US COVID-19 hospitalizations decreasing; Biden/Harris honor pandemic victims
In some rare good news about the pandemic, the Covid Tracking Project reports that U.S. hospitalizations for COVID-19 decreased on 13 days in January, and increased on only six days.  The seven-day average for daily hospitalizations currently stands at 126,395.  Further, the latest internal Department of Health and Human Services numbers, obtained by ABC News, show new cases of COVID-19 are decreasing in week-to-week comparisons and new deaths are leveling off.  The encouraging news is tempered by the fact that the U.S. on Tuesday afternoon exceeded 400,000 deaths from COVID-19, with 401,777 reported by Wednesday morning, according to data compiled by Johns Hopkins University.  Also Tuesday, Operation Warp Speed reported nearly 36 million doses of vaccine have been “distributed” in the U.S., including 5.5 million doses Tuesday, although it’s unclear whether “distributed” means designated for shipment or actually shipped and delivered.

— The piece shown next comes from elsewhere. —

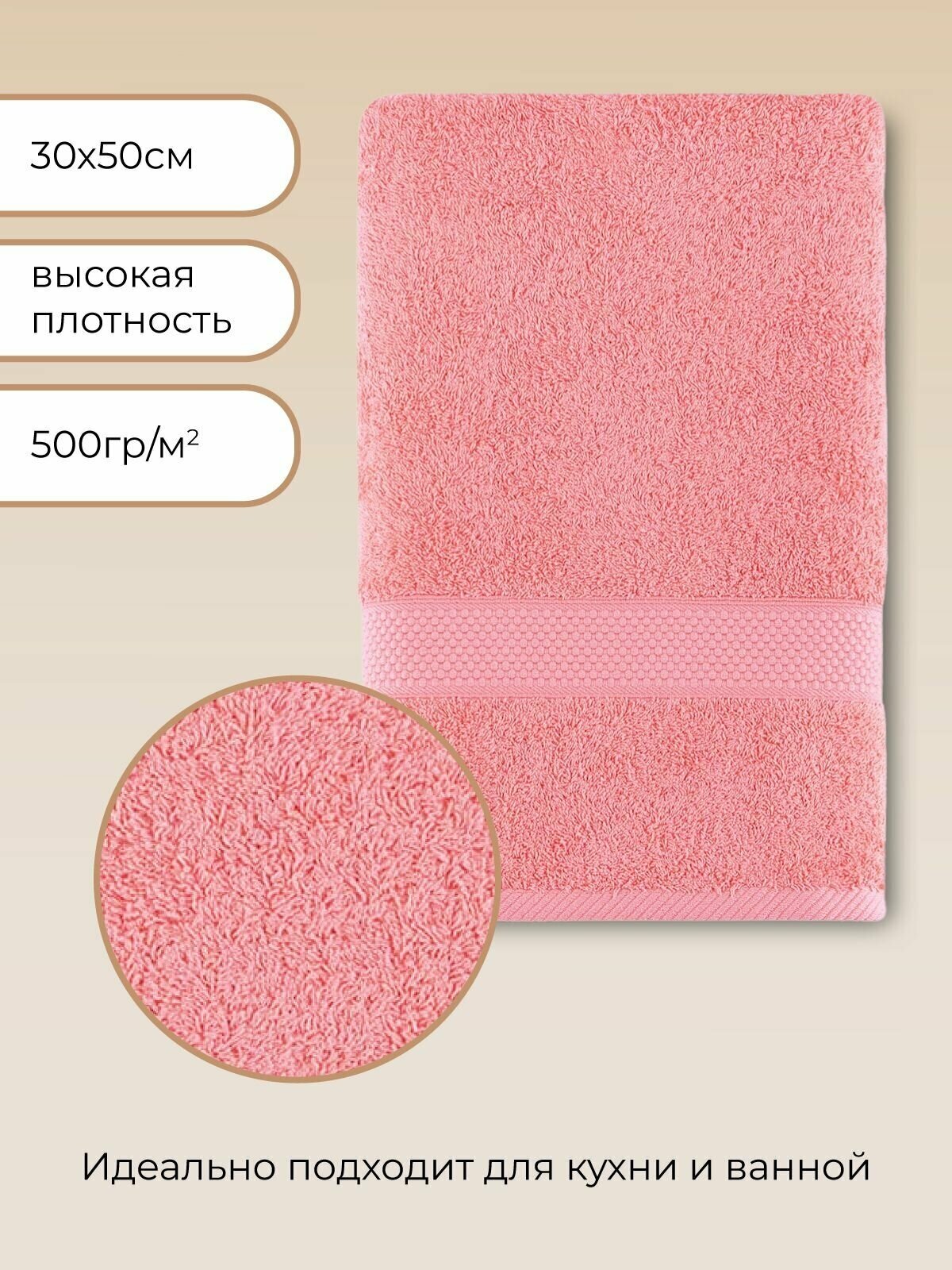 Полотенце банное махровое 30х50 Miranda Soft для рук и лица, сухая роза

Tuesday night, just hours before they were scheduled to be sworn into office, President-elect Joe Biden and Vice President-elect Kamala Harris honored the more than 400,000 Americans who have died as a result of the pandemic with a tribute in front of the Lincoln Memorial Reflecting Pool.  Biden thanked the country’s nurses and also echoed the call for unity, declaring, “To heal we must remember, and it’s hard sometimes to remember, but that’s how we heal.”  The ceremony was the first of its kind from Washington, D.C. lawmakers in recognition of pandemic victims.